··· Data for processing

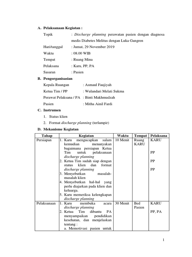 Topik : Discharge planning perawatan pasien dengan diagnosa
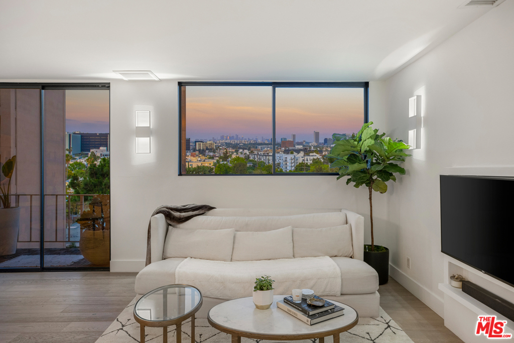 Quite possibly one of the most stylish and contemporary condominiums in the prestigious, Full-Service 100 S. Doheny building, this 7th floor luxury residence delivers the ultimate high-rise living experience. Exquisitely remodeled 1 bedroom, 2 bathroom home displays ample natural light and directs eastward, with spectacular mountain and city views all the way to Downtown LA. Updated finishes include wide plank French oak solid hardwood flooring, new high-quality lighting fixtures, new interior doors, custom closets and bookshelf. Open concept kitchen boasts quartz countertops, a large waterfall island, and modern KitchenAid appliance suite. The full service building offers 24-hour concierge and security services, pool, spa, tennis courts, fitness center, and a dog run. Location central to Four Seasons Hotel at Beverly Hills, Rodeo Drive, Robertson Boulevard Shopping District, Cedars Sinai Medical Center, retail, dining and services.
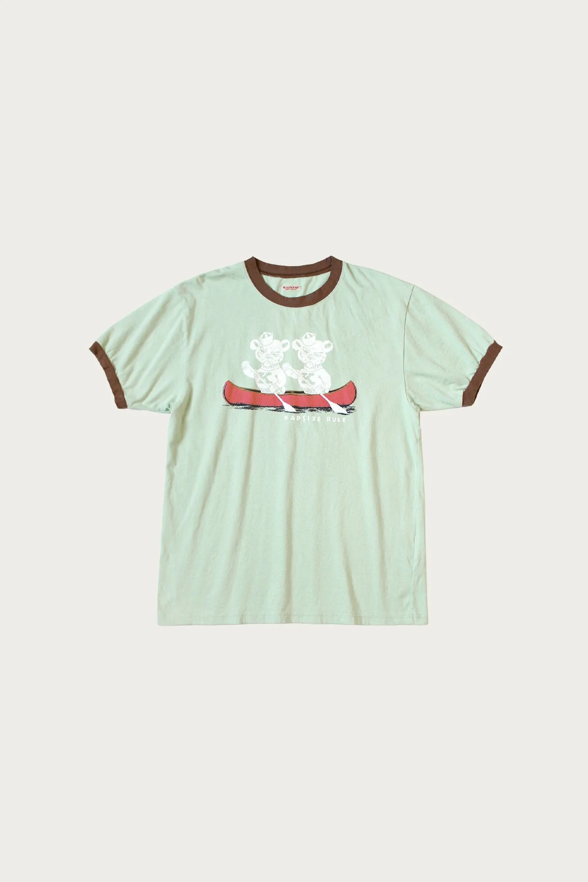 Vintage gym style ringer tee with the double paddle K Bear print. Soft washed jersey with contrast ribbing. Looks great with denim, fatigues, or under a cardigan. - 100% Cotton jersey - Ringer neckline and cuffs - Printed K Bear graphic - Relaxed fit - Mint
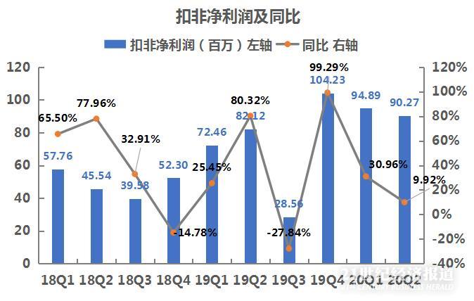 今年一季度,公司收入虽然出现萎缩,但是因为营业成本异常下降(公司没有给出说明,猜测跟疫情停工有关,二季度已经恢复正常水平),扣非净利润增长了31%。二季度扣非净利润增速跌回到个位数,跟收入增速水平接近。
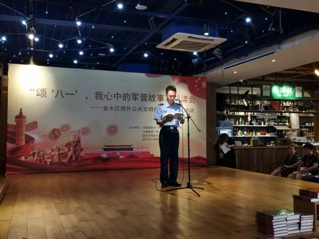 8月1日上午,为庆祝中国人民解放军成立92周年,更好展现当代人民子弟兵卓越风采,讲述军民相拥的动人故事,推进提升公共文明素养“七进”工作,中国·金沙贵宾3777线路检测中心、河南教育广播、金水区委宣传部(文明办)、金水区人民武装部共同举办“颂‘八一’,我心中的军营故事”朗读会,暨金水区提升公共文明素养“七进”系列活动在中原图书大厦回声馆舞台举行。

······

What is needed is an exact copy of the records above, with no pictures in it.

 Topik : Discharge planning perawatan pasien dengan diagnosa
 Quite possibly one of the most stylish and contemporary condominiums in the prestigious, Full-Service 100 S. Doheny building, this 7th floor luxury residence delivers the ultimate high-rise living experience. Exquisitely remodeled 1 bedroom, 2 bathroom home displays ample natural light and directs eastward, with spectacular mountain and city views all the way to Downtown LA. Updated finishes include wide plank French oak solid hardwood flooring, new high-quality lighting fixtures, new interior doors, custom closets and bookshelf. Open concept kitchen boasts quartz countertops, a large waterfall island, and modern KitchenAid appliance suite. The full service building offers 24-hour concierge and security services, pool, spa, tennis courts, fitness center, and a dog run. Location central to Four Seasons Hotel at Beverly Hills, Rodeo Drive, Robertson Boulevard Shopping District, Cedars Sinai Medical Center, retail, dining and services.
 Vintage gym style ringer tee with the double paddle K Bear print. Soft washed jersey with contrast ribbing. Looks great with denim, fatigues, or under a cardigan. - 100% Cotton jersey - Ringer neckline and cuffs - Printed K Bear graphic - Relaxed fit - Mint
 今年一季度,公司收入虽然出现萎缩,但是因为营业成本异常下降(公司没有给出说明,猜测跟疫情停工有关,二季度已经恢复正常水平),扣非净利润增长了31%。二季度扣非净利润增速跌回到个位数,跟收入增速水平接近。
 8月1日上午,为庆祝中国人民解放军成立92周年,更好展现当代人民子弟兵卓越风采,讲述军民相拥的动人故事,推进提升公共文明素养“七进”工作,中国·金沙贵宾3777线路检测中心、河南教育广播、金水区委宣传部(文明办)、金水区人民武装部共同举办“颂‘八一’,我心中的军营故事”朗读会,暨金水区提升公共文明素养“七进”系列活动在中原图书大厦回声馆舞台举行。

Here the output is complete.